Ovo e Uva, in Sao Paulo, Brazil, is a relaxed place that’s serious about wine. The wine list runs to nearly 200 bottles coming from all over the world including the usual suspects plus Greece, Hungary, Lebanon, Uruguay and, of course, Brazil. More than 20 bottles are offered by the glass (R$19 to R$38 per glass or about US$6 to US$11) and Ovo e Uva has a large wine-preservation system to keep all those open bottles fresh. There’s also a menu of wine-friendly food like a charcuterie plate and grilled octopus over risotto. The restaurant also hosts monthly themed wine get togethers for a maximum of 15 people and it’s also a wine store.
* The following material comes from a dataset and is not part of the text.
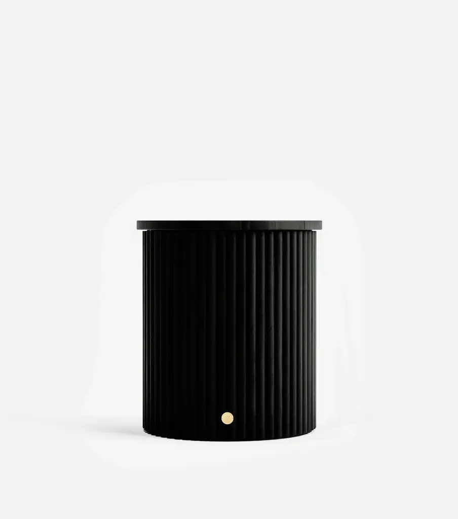 This striking vertical dresser, with a cylindrical plywood structure and 7 drawers for storage, has a dark walnut veneer and brushed gloss finish and rests on an inset plinth base. The fabric-lined drawers, sliding on soft metal runners and adorned with handles in burnished brass, have a walnut veneer except the top one, which is covered in grosgrain design brown leather. Topped with a magnificent Emperador marble top with complementing dark gray and brown hues, this elegantly designed piece is specifically designed for the bedroom, but can find space also in a living room or entryway.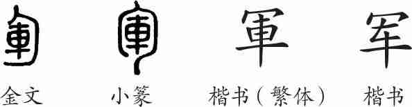 “军”是会意字。金文从車,从匀(环绕包围),会以车环绕包围之意。小篆承接金文而来,并线条化、整齐化。隶变后楷书写作“軍”。汉字简化后写作“军”。

Pick up a bottle to take away and get 10% off the price.

Best Italian food

Chef Massimo Ristorante Trastavere - Cuenca, Ecuador

Chef Massimo brings Roman food traditions to Cuenca, Ecuador.

Chef Massimo, who was born in Rome, opened Ristorante Trastavere in Cuenca, Ecuador in 2015. He makes homemade pasta, gnocchi, bread, and sauces. He makes his own mozzarella, smokes his own fish, and cures his own meats too. The food, served on red and white checked tablecloths in a small dining room above his even smaller open kitchen, is extraordinary as is Massimo’s passion for what he does. Rumor has it he’s opening a pizza joint in Cuenca too.

Best old man bar

Juanito Bodgea Bar - Barranco neighborhood of Lima

Time stands still in Juanito Bodega Bar in Lima.

You know what an old man bar is, right? It’s a place that’s been around forever, probably always owned by the same family, and certainly frequented by the same patrons (and their offspring). Old man bars are usually short on ambiance but long on history and some intangible something that makes up for the iffy bathroom and mostly non-existent service. Prices and tolerance for BS are both low.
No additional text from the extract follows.